Understanding the intervals of continuity involves checking where a function remains uninterrupted or smooth across its domain. In the case of our piecewise function \(f(x)\):

• The first part, \(f(x) = \frac{1}{2}x + 1\), is continuous as it is a linear function, with no breaks or gaps for all \(x \leq 2\).
• The second part, \(f(x) = 3 - x\), is also continuous for \(x > 2\), because it is linear and maintains continuity across its domain.

There is, however, a point of interest at \(x = 2\), which serves as a boundary between these intervals. Here, the question revolves around what happens when \(x\) approaches 2 from both sides. It's crucial to investigate this point thoroughly to understand why discontinuity appears and how it affects the function. Continuous intervals are important as they indicate where there's a smooth behavior of the function values.

Piecewise functions are functions that have different expressions based on the input value \(x\). They are made up of "pieces," each defined by a specific condition. For our function, \(f(x)\), we have two parts:

• \(f(x) = \frac{1}{2}x + 1\) when \(x \leq 2\)
• \(f(x) = 3 - x\) when \(x > 2\)

Such functions can seem tricky at points where their different parts meet, as direct substitution may not be sufficient to ensure smooth transition. One vital aspect when dealing with piecewise functions is to evaluate each section individually, including at the boundaries where the function components meet, like our \(x = 2\). This analysis helps determine whether the function remains continuous or if any jumps or breaks occur at those boundary points.

The most basic condition for a function to be continuous at any given point \(a\) is when:

• The function \(f(x)\) is defined at \(x = a\).
• The limit of \(f(x)\) as \(x\) approaches \(a\) from the left (\(x \to a^-\)) equals the limit as \(x\) approaches from the right (\(x \to a^+\)).
• The value from both sides is equal to \(f(a)\).

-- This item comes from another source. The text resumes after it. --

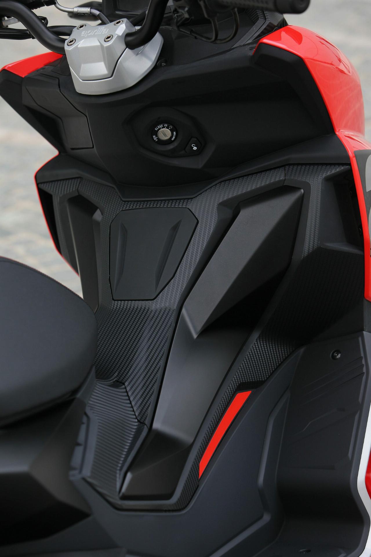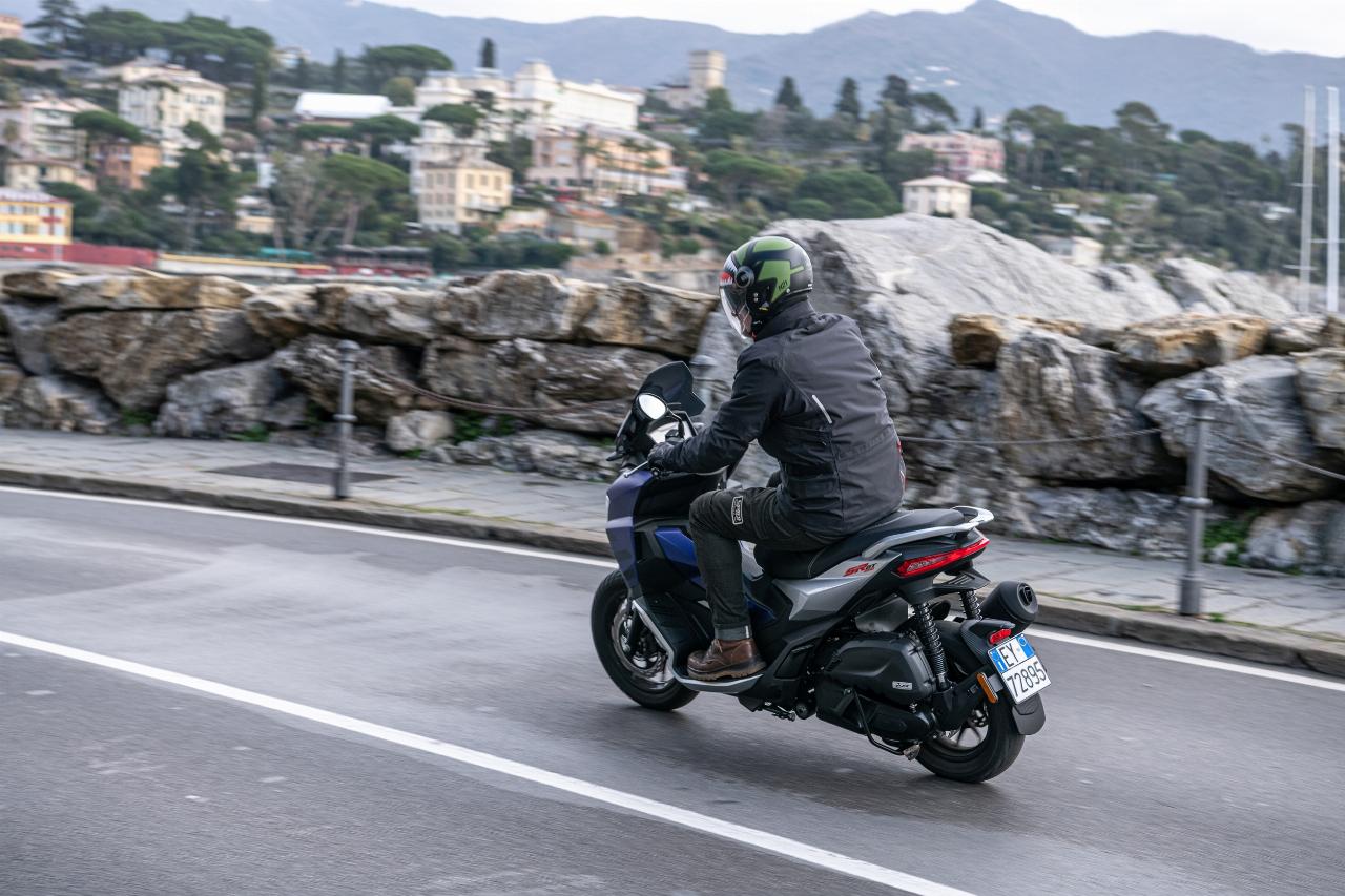 2,5 Liter auf 100 Kilometer gibt Aprilia als Verbrauch an. Das beruhigt beim Blick auf die explodierenden Treibstoffpreise. Bei der mehrstündigen Testfahrt an der ligurischen Küste flossen laut Bordrechner im Schnitt 2,9 Liter durch den Einzylinder mit abschaltbarer Start-Stopp-Automatik. Neun Liter passen in den Tank, macht 300 Kilometer Reichweite ohne Zwischenstopp. Fahrer oder Fahrerin samt Sozia oder Sozius sitzen komfortabel auf einem erfreulich festen Zwei-Personen-Polster. Die Fußrasten für Mitfahrende tarnen sich bei Solobesetzung als Teil der Verkleidung. Die Trittbretter sind ausreichend lang bis Schuhgröße 47. 1350 Millimeter Radstand und kompakte 1920 Millimeter Gesamtlänge setzen der Beinfreiheit natürliche Grenzen: Zum Ausstrecken der Gräten hinterm Beinschild reicht es bei knapp 1,80 Meter Körpergröße nur bedingt. Die Sitzhöhe misst passable 799 Millimeter

In situations where any of these conditions fail to meet, as seen at \(x = 2\) in our example, we find a discontinuity, specifically called a jump discontinuity. With \(f(x)\), the limits from the left, \(\lim_{{x \to 2^-}} f(x)\), and from the right, \(\lim_{{x \to 2^+}} f(x)\), do not match. This discrepancy leads to the discontinuity at \(x = 2\), a point that disrupts the flow of the function’s established pattern in the intervals on either side.